Cantrell v. First National Bank of Euless

560 S.W.2d 721, 1977 Tex. App. LEXIS 3577
CourtCourt of Appeals of Texas
DecidedNovember 17, 1977
Docket17868
StatusPublished
Cited by13 cases

This text of 560 S.W.2d 721 (Cantrell v. First National Bank of Euless) is published on Counsel Stack Legal Research, covering Court of Appeals of Texas primary law. Counsel Stack provides free access to over 12 million legal documents including statutes, case law, regulations, and constitutions.

Bluebook
Cantrell v. First National Bank of Euless, 560 S.W.2d 721, 1977 Tex. App. LEXIS 3577 (Tex. Ct. App. 1977).

Opinion

OPINION ON MOTION FOR REHEARING

MASSEY, Chief Justice.

Our opinion dated September 22, 1977, is withdrawn, with the following substituted therefor.

James E. Cantrell and wife, hereinafter referred to in the singular as Cantrell, brought suit for damages and penalties allegedly applicable against the First National Bank of Euless, hereinafter referred to as Bank. Averred were two separate causes of action.

Following trial to a jury, with verdict returned, the trial court disregarded answers of the jury applicable to Cantrell’s claim under the Texas Business and Commerce Code, Title 2, “Competition and Trade Practices,” Subchapter E, “Deceptive Trade Practices and Consumer Protection,” § 17.41 et seq., the Deceptive Trade Practices — Consumer Protection Act. By the court’s judgment all the relief sought by Cantrell in this cause of action was denied.

Based upon the verdict of the jury as otherwise to be considered, the trial court rendered a judgment granting Cantrell relief which he deemed unsatisfactory and insufficient. The cause of action upon which this judgment was predicated was by the provisions of Y.A.T.S. Title 79, “Consumer Credit,” Chapter 4, “Installment Loans,” Art. 5069-4.01, “Installment loans authorized” and Art. 5069-4.03, “Lender’s duty to borrower”; and Chapter 8, “Penalties,” Art. 5069-8.01, “Contracting for, charging or receiving interest, time price differential or other charges greater than authorized.” Additionally, the cause of action upon which this judgment was furthermore predicated was by the provisions of U.S.C.A., Title 15, “Commerce and Trade,” Chapter 41, “Disclosures,” Part B, “Credit Transactions,” § 1631, et seq.

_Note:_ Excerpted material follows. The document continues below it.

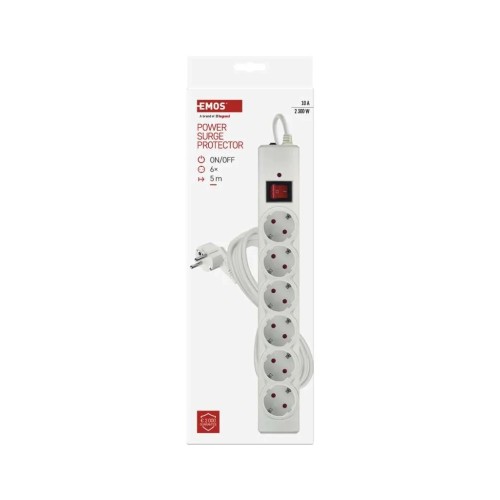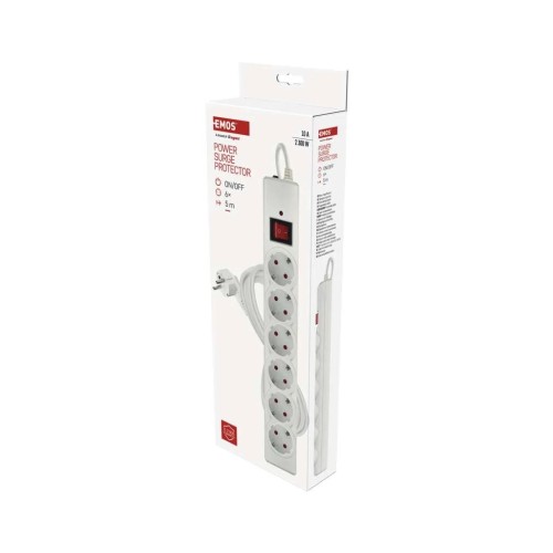 Мережевий фільтр EMOS P54217 — надійне та функціональне рішення для підключення декількох електроприладів, оснащене шістьма європейськими розетками із заземленням і довгим кабелем. Він забезпечує комплексний захист вашої техніки від короткочасних імпульсних перенапруг та перевантаження мережі.

Cantrell appealed. The Bank filed a cross-appeal.

We affirm judgment of the trial court denying relief upon Cantrell’s cause of action predicated upon provisions of the Texas Business and Commerce Code. We sever therefrom and in part reverse and render and in part and with severance reverse and remand for purposes of trial of attorney’s fees the judgment as applied to Cantrell’s other causes of action.

HISTORY

In June of 1973 Cantrell found himself with a new son-in-law, one Caballero. Caballero was a photographer by trade, and his work consisted in taking children’s photographs at stores in different metropolitan areas. Such work necessitated very frequent moves from city to city. For a month or so the young couple used an automobile and stopped at motels, eating at restaurants. The idea was conceived that if they had a motor home they could make the frequent necessary moves, have living quarters in the motor home, where their meals could also be prepared, with the result a substantial saving. Caballero did not have the necessary financial means by which such a motor home could be purchased.

Cantrell was approached with the problem. By his arrangement with the Bank the financing necessary to purchase the desired motor home was accomplished. In addition to $1,000.00 required as part of the down-payment on the purchase of the desired motor home, an additional amount of *725 $8,000.00 was borrowed on the strength of Cantrell’s credit. Cantrell’s loan transaction with the Bank was accomplished on August 14, 1973.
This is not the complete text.